Oryx 2 has got 3 tiers
- The first tier is basically generic lambda tier that gives speed of a serving layer however, they are not related to Machine learning procedure.
- The second tier revolves around the need to provide Machine learning abstractions for selecting the hyper parameters.
- The role of third tier is to provide a platform for an end to end implementation.
3. H20.ai:
H2O's deep learning platform provides a scalable multi-layer Artificial Neutral Network(ANN). The best part about this ANN is that, it is made up of several components as well as parameters that can be altered depending on the types of data obtained. It also offers a rate annealing & adaptive learning rate to yield highly productive output.
Although the native H2O-3 is known for supporting only the standard feed-forward neutral network however, another version of H2O does support the Convolutional Neutral Networks as well as a Recurrent Neutral Networks.
4. Tensorflow:
It is considered as the standard name for Machine Learning software, when it comes to data science industry. It assist to build not only statistical Machine Learning software solution, but also deep learning by means of its extensive interface of CUDA GPUs.
In Tensorflow, a tensor is a multidimensional array which is the most basic data type of TensorFlow.
For beginners of Machine Learning software, TensorFlow is a must. It extends support & functions for various applications of Machine Learning .
5. Pytorch:
It has been developed by Facebook. It basically offers an advanced deep learning framework. It's key features are Deep Neutral Network & Tensors.
Pytorch plays an important role in developing rapid prototyping for research.
Uber's Probabilistic Programming Language is a classic example of Pytorch. It assists to design dynamic graph which in turn accelerates Machine Learning process.
6. Apache Mahout:
It is basically an Open Source Machine Learning software which concentrates on two aspects:
- Collaborative Filtering.
- Classification.
These implementations are associated with Apache Hadoop Platform.

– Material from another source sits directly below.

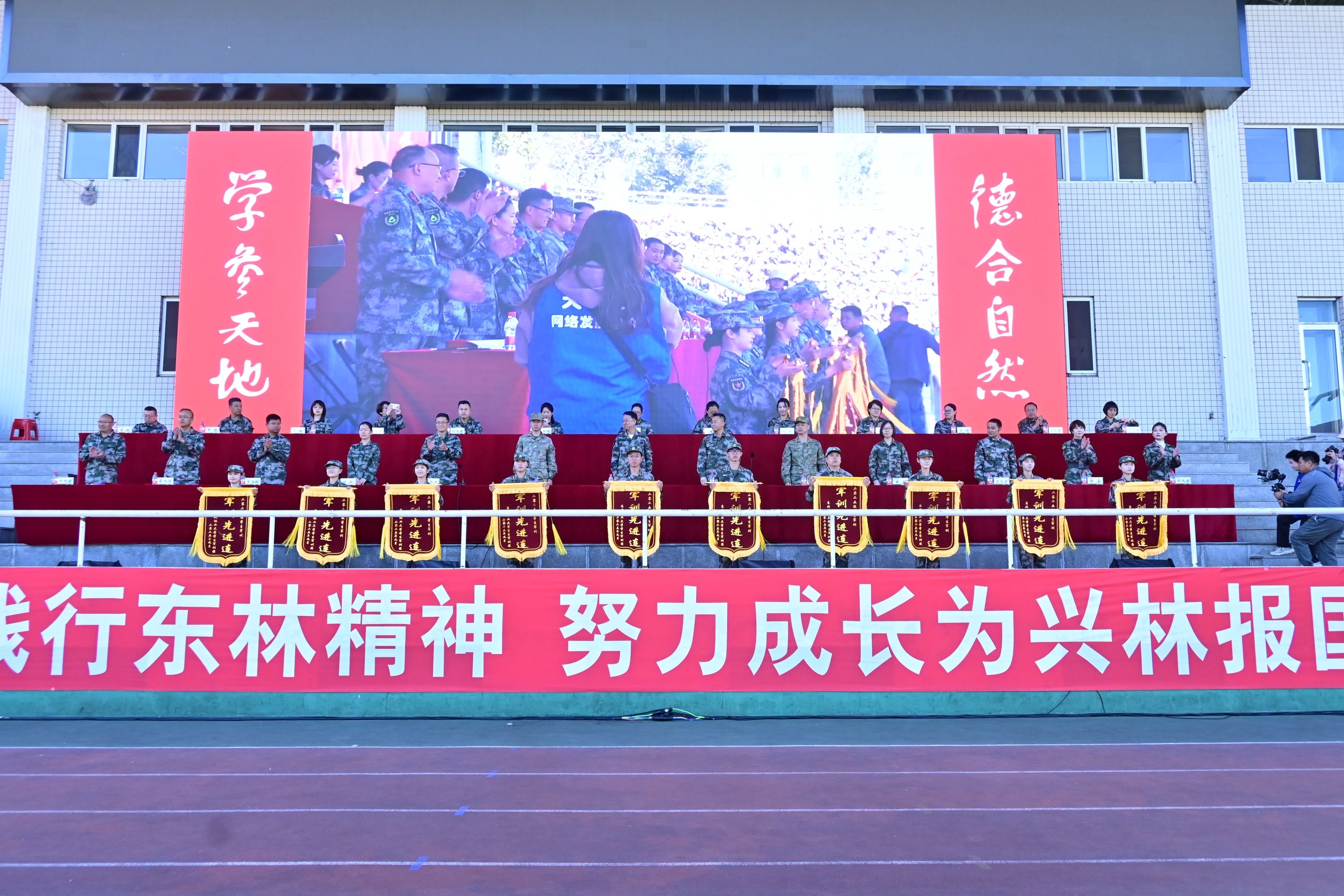 历经17天淬火成钢的军训洗礼,9月17日上午,东北林业大学2025级学生军训总结表彰大会拉开帷幕。校党委常委、副校长、军训团团长李明泽,校党委常委、副校长、军训团政委张春雷,与承训部队首长,香坊区武装部政委许金永检阅军训队伍。军训团参谋部、政治处,各营营长、教导员,承训教官代表及2025级本科新生列阵受阅。党委学生工作部部长、武装部部长、学生军训团参谋长于洋主持大会。

It's major features are stated below:
- Provides expressive Scale DSL & Distributed Linear Framework for the purpose of deep learning of computations.
- Extends native solvers for CPUs, GPUs & CUDA accelerators.
7. Weka:
It stands for Waikato Environment for Knowledge Analysis.
It consists of several Machine Learning software algorithms which are ready for use.These algorithms comes handy for data mining.
With minimal programming lines, such an open-source GUI interface can be used for the implementation of a Machine Learning software algorithm.
For a new entrant / fresher this software is highly recommended.
8. Keras:
Its greatest advantage revolves around the fact that, it is capable of running seamlessly on CPU & GPU.
It is basically an open-source neutral network library that extends support for python. It is known for its speed, ease while using & also for its modularity. One can use it for not only it's fast experimentation, but also for rapid prototyping.
One of the significant element of Keras is that it extend assistance for the implementation of Convolutional as well as Recurrent Neural Networks & both.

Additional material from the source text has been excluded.